(Records drawn from a dataset)
▼
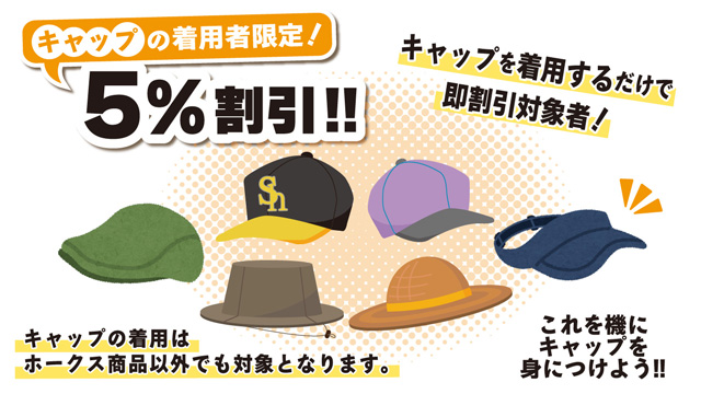 HAWKS STORE各店舗でキャップを着用してグッズをご購入いただくと会計時に5%オフになるイベントを開催します!お気に入りのキャップを被ってお越しください♪
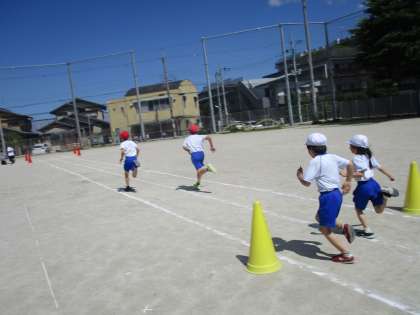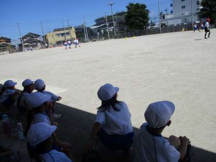 29日(水)体力テスト最後の種目50m走をしました。1年生は6年生と一緒に走りました。6年生の速い走り方の良い見本を真似しながら、一生懸命に走りました。走り終わった後、「速かったね!」「つぎも頑張ろう!」などたくさん声をかけてもらいました。
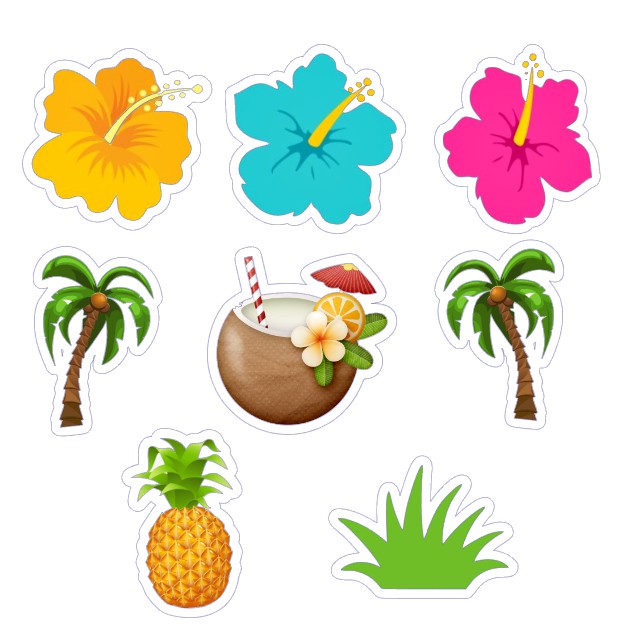 50 Apliques Luau Festa Tropical Toppers, Tags para Tubetes ou Docinhos Doces
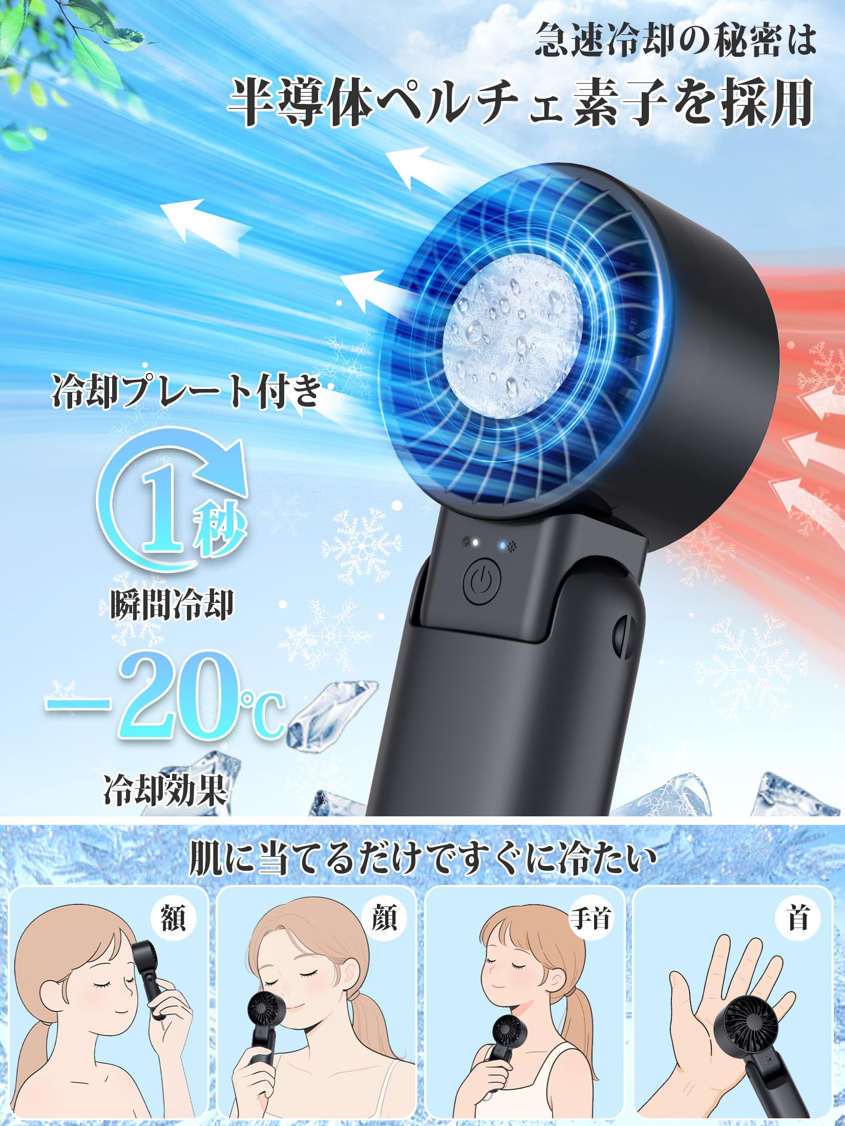 【2025年新登場・-20℃新体感・1台6役扇風機】携帯扇風機とは、持ち運ぶことができる小型の扇風機のことで、夏の通勤や屋外イベントに欠かせないものです。 弊社のハンディ扇風機は一般的な手持ち扇風機、卓上扇風機、首掛け扇風機の3WAYだけでなく、ペルチェ素子による冷却プレートを採用して、半導体冷房チップを内蔵し、「便利な小型エアコン」に変身しました。冷却ファンやアイスパックなど機能を持って、暑い夏でも氷をつけるように瞬間的に熱い肌を冷やすことができ、体感温度を下げることができます。換気と冷却の効果同時に実現し暑さが一掃されます。真夏の熱中症対策として最適、一度使うと手放せないハンディファン 冷却プレートです。
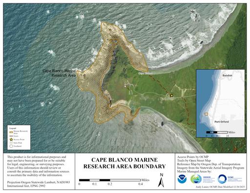 The designations completed a multiple year effort led by the Ocean Policy Advisory Council to revise the Management Strategy and was focused on site management designations along areas of Oregon’s iconic rocky shoreline. The effort included extensive input from agencies, organizations, governments, and general rocky coast users on revisions to the Plan.
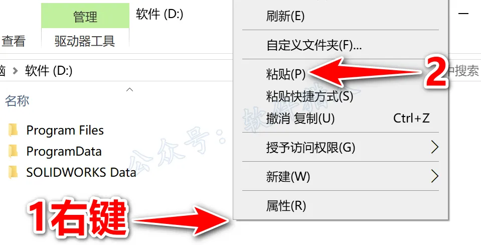 34.打开步骤19修改的磁盘(如:D盘,小编在步骤19将C改为了D),鼠标右击空白处选择【粘贴】。
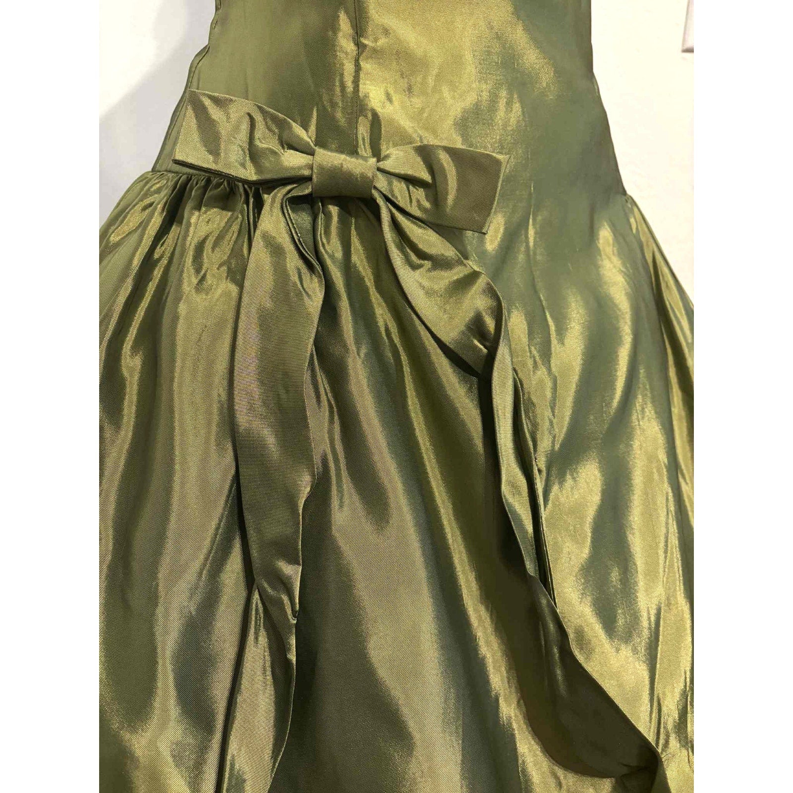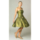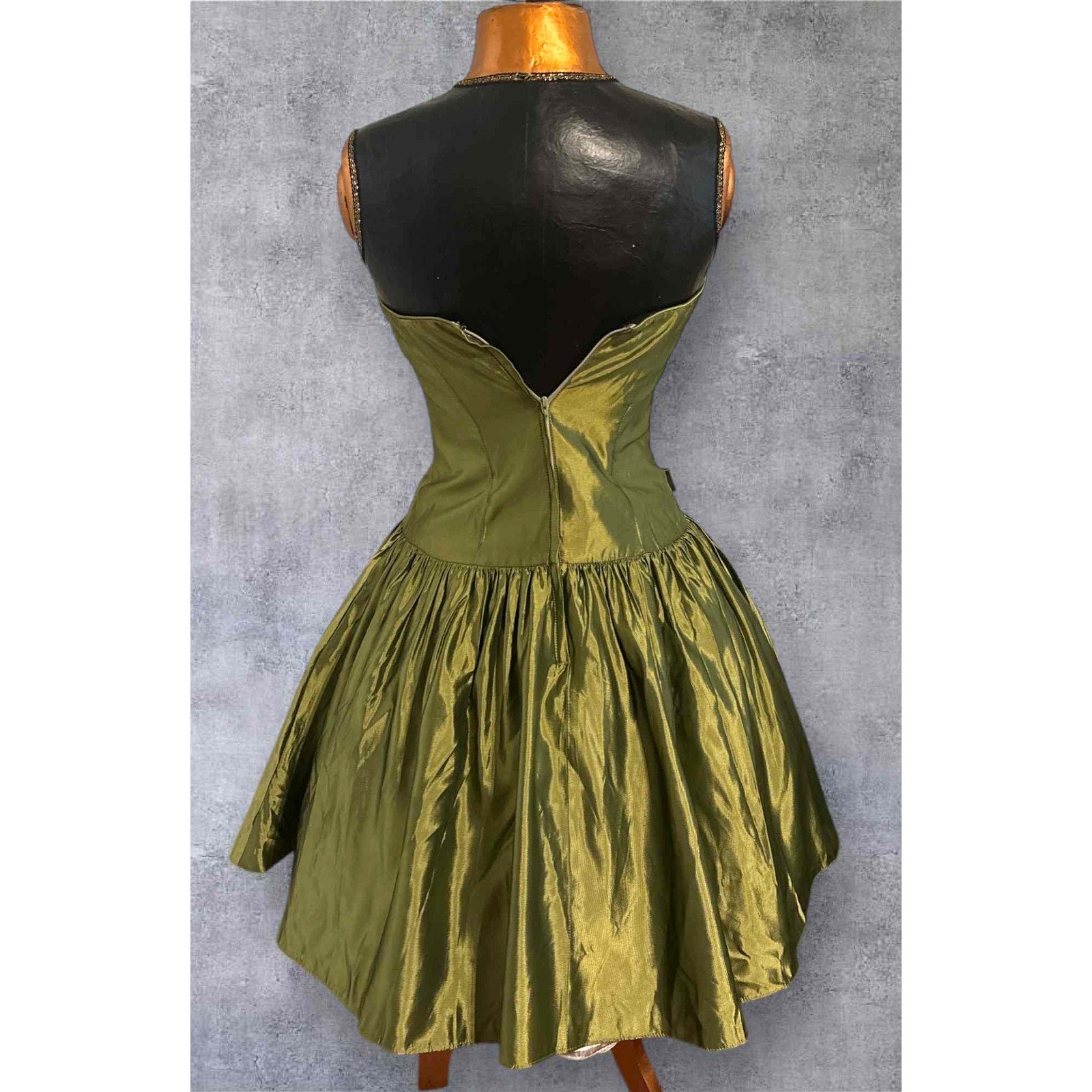 Step into classic glamour with this vintage Jessica McClintock strapless taffeta dress. Crafted in a striking shade of olive green, this timeless piece features a fitted bodice, a flattering cinched waist with a bow accent, and a voluminous full skirt that creates a graceful, twirl-worthy silhouette.
▲
ASSIGNMENT. All lines from the one bearing "The designations completed" through the last line of the records, and only those, should be duplicated exactly; no picture belongs in the copy.

WRITTEN ANSWER.
 The designations completed a multiple year effort led by the Ocean Policy Advisory Council to revise the Management Strategy and was focused on site management designations along areas of Oregon’s iconic rocky shoreline. The effort included extensive input from agencies, organizations, governments, and general rocky coast users on revisions to the Plan.
 34.打开步骤19修改的磁盘(如:D盘,小编在步骤19将C改为了D),鼠标右击空白处选择【粘贴】。
 Step into classic glamour with this vintage Jessica McClintock strapless taffeta dress. Crafted in a striking shade of olive green, this timeless piece features a fitted bodice, a flattering cinched waist with a bow accent, and a voluminous full skirt that creates a graceful, twirl-worthy silhouette.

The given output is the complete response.